Problem 13C-3 Income Taxes and Net Present Value Analysis [LO13-8]

Lander Company has an opportunity to pursue a capital budgeting project with a five-year time horizon. After careful study, Lander estimated the following costs and revenues for the project:

Cost of equipment needed $ 270,000
Working capital needed $ 64,000
Repair the equipment in two years $ 20,000
Annual revenues and costs:
Sales revenues $ 390,000
Variable expenses $ 200,000
Fixed out-of-pocket operating costs $ 88,000

The piece of equipment mentioned above has a useful life of five years and zero salvage value. Lander uses straight-line depreciation for financial reporting and tax purposes. The company’s tax rate is 30% and its after-tax cost of capital is 13%. When the project concludes in five years the working capital will be released for investment elsewhere within the company

Click here to view Exhibit 13B-1 and Exhibit 13B-2, to determine the appropriate discount factor(s) using tables.

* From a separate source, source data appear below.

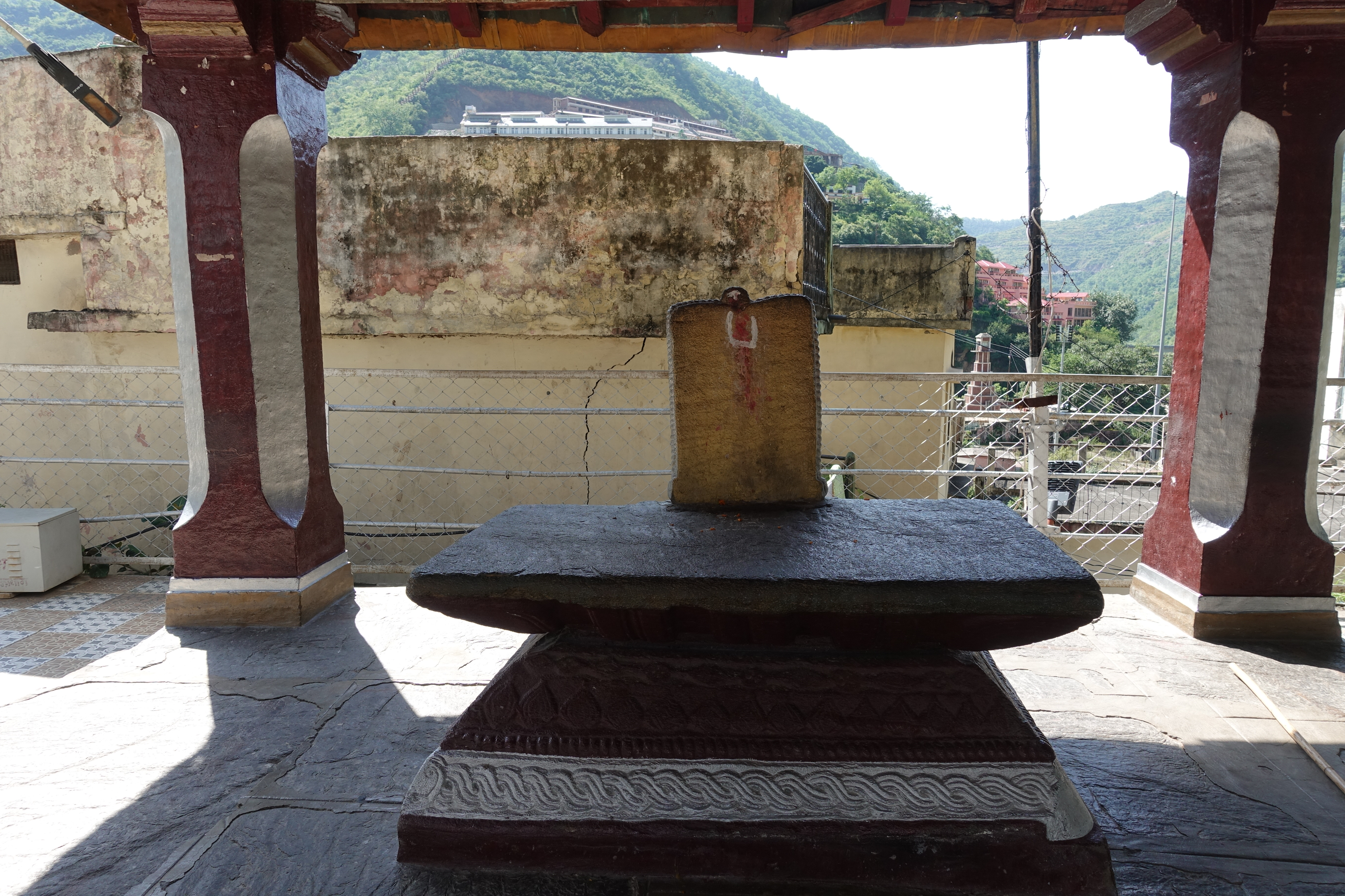 Place where Lord Raghunath (Lord Ram) performed penance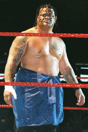 Umaga (real name Eddie Fatu) at a WWE house show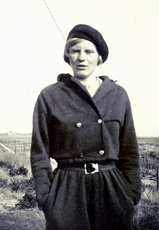 Erna Wehnert (1900–1985), called Erne, on Juist Island, East Frisia, Prussia. The picture is probably made in the early 1930s. She was a teacher for English and Latin at progressive boarding school Schule am Meer (= School by the Sea). She had left Freie Schulgemeinde Wickersdorf in Thuringia, where she started her career while overseeing the four children of Annemarie (1878–1926) and Martin Luserke (1880–1968). In 1926 she came to Juist Island.

Link for Exhibit 13B-1: https://ezto-cf-media.mheducation.com/Media/Connect_Production/bne/accounting/Garrison_16e/exhibit_13B_1.jpg

Link for Exhibit 13B-2: https://ezto-cf-media.mheducation.com/Media/Connect_Production/bne/accounting/Garrison_16e/exhibit_13B_2.jpg

Required:

1. Calculate the annual income tax expense for each of years 1 through 5 that will arise as a result of this investment opportunity.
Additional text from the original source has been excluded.